We consider the problem of proving termination for triangular weakly non-linear loops (twn-loops) over some ring $\mathcal{S}$ like $\mathbb{Z}$, $\mathbb{Q}$, or $\mathbb{R}$. The guard of such a loop is an arbitrary quantifier-free Boolean formula over (possibly non-linear) polynomial inequations, and the body is a single assignment of the form $(x_1, \ldots, x_d) \longleftarrow (c_1 \cdot x_1 + p_1, \ldots, c_d \cdot x_d + p_d)$ where each $x_i$ is a variable, $c_i \in \mathcal{S}$, and each $p_i$ is a (possibly non-linear) polynomial over $\mathcal{S}$ and the variables $x_{i+1},\ldots,x_{d}$. We show that the question of termination can be reduced to the existential fragment of the first-order theory of $\mathcal{S}$. For loops over $\mathbb{R}$, our reduction implies decidability of termination. For loops over $\mathbb{Z}$ and $\mathbb{Q}$, it proves semi-decidability of non-termination. Furthermore, we present a transformation to convert certain non-twn-loops into twn-form. Then the original loop terminates iff the transformed loop terminates over a specific subset of $\mathbb{R}$, which can also be checked via our reduction. Moreover, we formalize a technique to linearize (the updates of) twn-loops in our setting and analyze its complexity. Based on these results, we prove complexity bounds for the termination problem of twn-loops as well as tight bounds for two important classes of loops which can always be transformed into twn-loops. Finally, we show that there is an important class of linear loops where our decision procedure results in an efficient procedure for termination analysis, i.e., where the parameterized complexity of deciding termination is polynomial.

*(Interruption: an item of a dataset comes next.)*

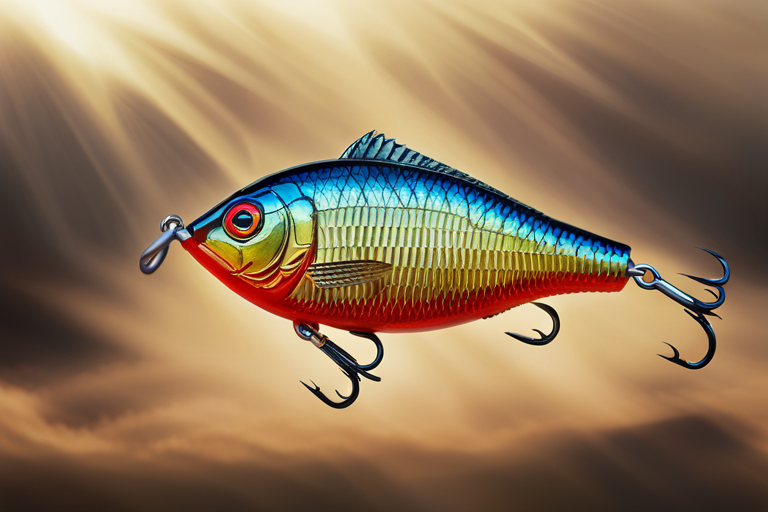 Stable Diffusion AI Prompt Fishing lure precisely mimics the exact (((shape and colors of a Red Bluegill))). A panoramic studio shot of the highly detailed conceptual Bluegill-shaped fishing lure designed to catch fish, centered in the image. It has treble hooks and is Red in color. The lure is lit with diffused lighting against a plain dark background. A masterpiece product photo by photographer Jovana Rikalo.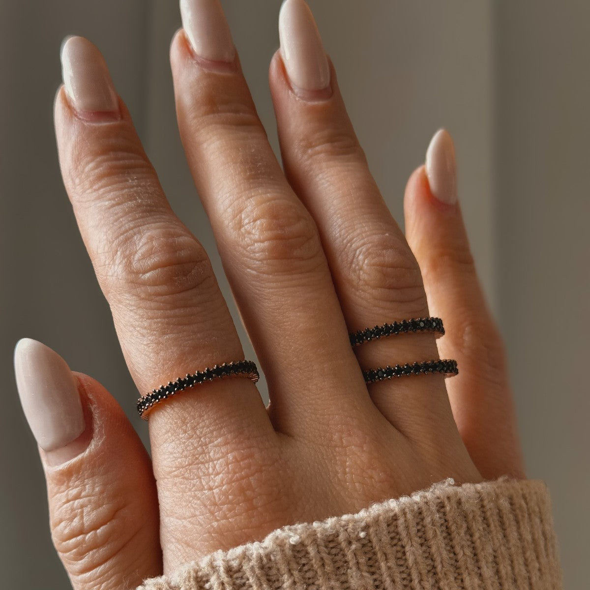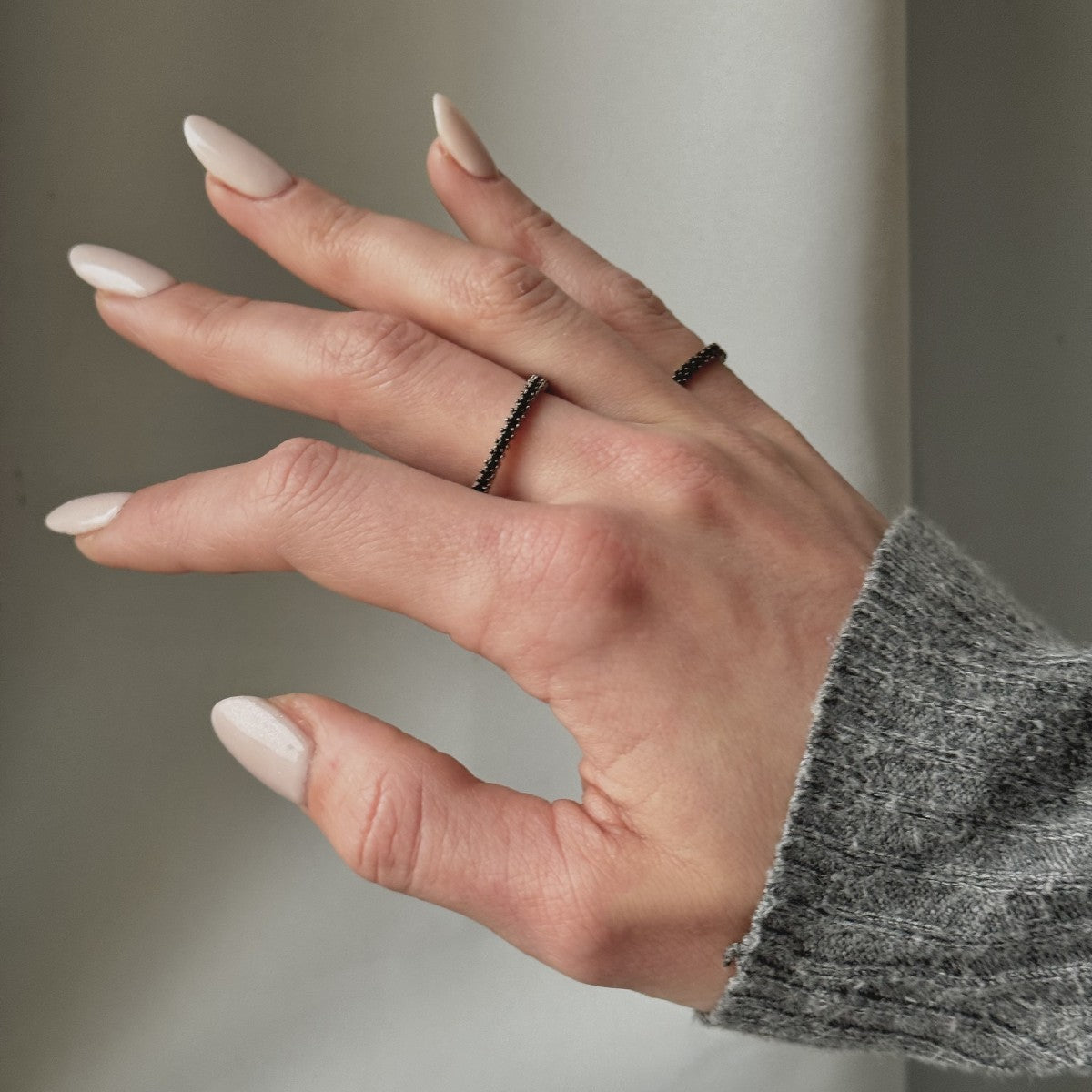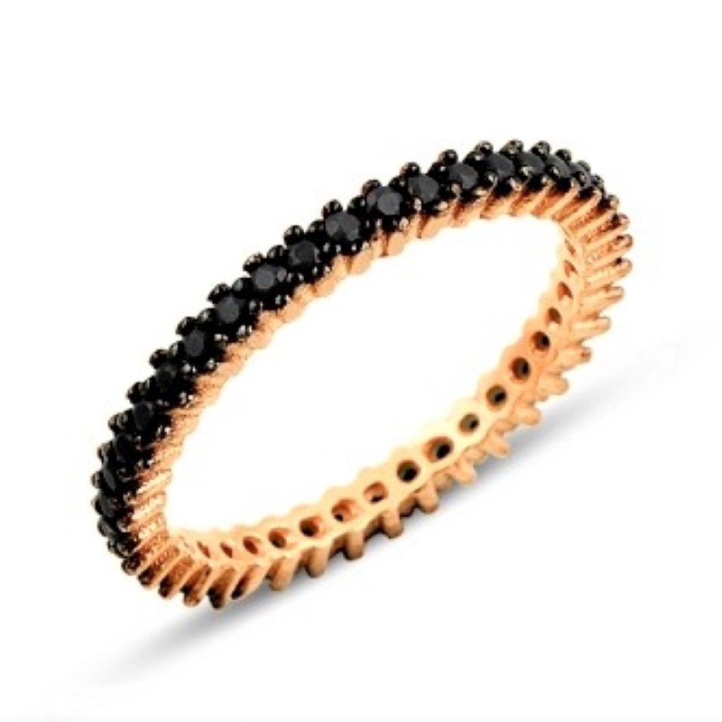 Paauksuotas sidabrinis 2mm žiedelis su juodu cirkoniu

翻译：我们研究在环$\mathcal{S}$（如$\mathbb{Z}$、$\mathbb{Q}$或$\mathbb{R}$）上三角弱非线性循环（twn-loops）的终止性证明问题。此类循环的守护条件是关于（可能非线性的）多项式不等式的任意无量词布尔公式，而循环体为单一赋值形式$(x_1, \ldots, x_d) \longleftarrow (c_1 \cdot x_1 + p_1, \ldots, c_d \cdot x_d + p_d)$，其中每个$x_i$为变量，$c_i \in \mathcal{S}$，且每个$p_i$是关于$\mathcal{S}$及变量$x_{i+1},\ldots,x_d$的（可能非线性）多项式。我们证明终止性问题可归约到$\mathcal{S}$的一阶理论存在性片段。对于$\mathbb{R}$上的循环，该归约蕴含终止性可判定性；对于$\mathbb{Z}$和$\mathbb{Q}$上的循环，则证明非终止性的半可判定性。此外，我们提出一种变换方法，可将特定非twn-循环转化为twn-形式。此时，原始循环终止当且仅当变换后的循环在$\mathbb{R}$的特定子集上终止，该问题同样可通过我们的归约进行验证。进一步地，我们形式化了一种在当前框架下线性化twn-循环（更新）的技术，并分析其复杂度。基于这些结果，我们证明了twn-循环终止性问题的复杂度边界，以及两类可始终转化为twn-循环的重要循环类的紧界。最后，我们证明存在一类重要的线性循环，其判定过程能产生高效的终止性分析算法，即终止性判定的参数化复杂度为多项式时间。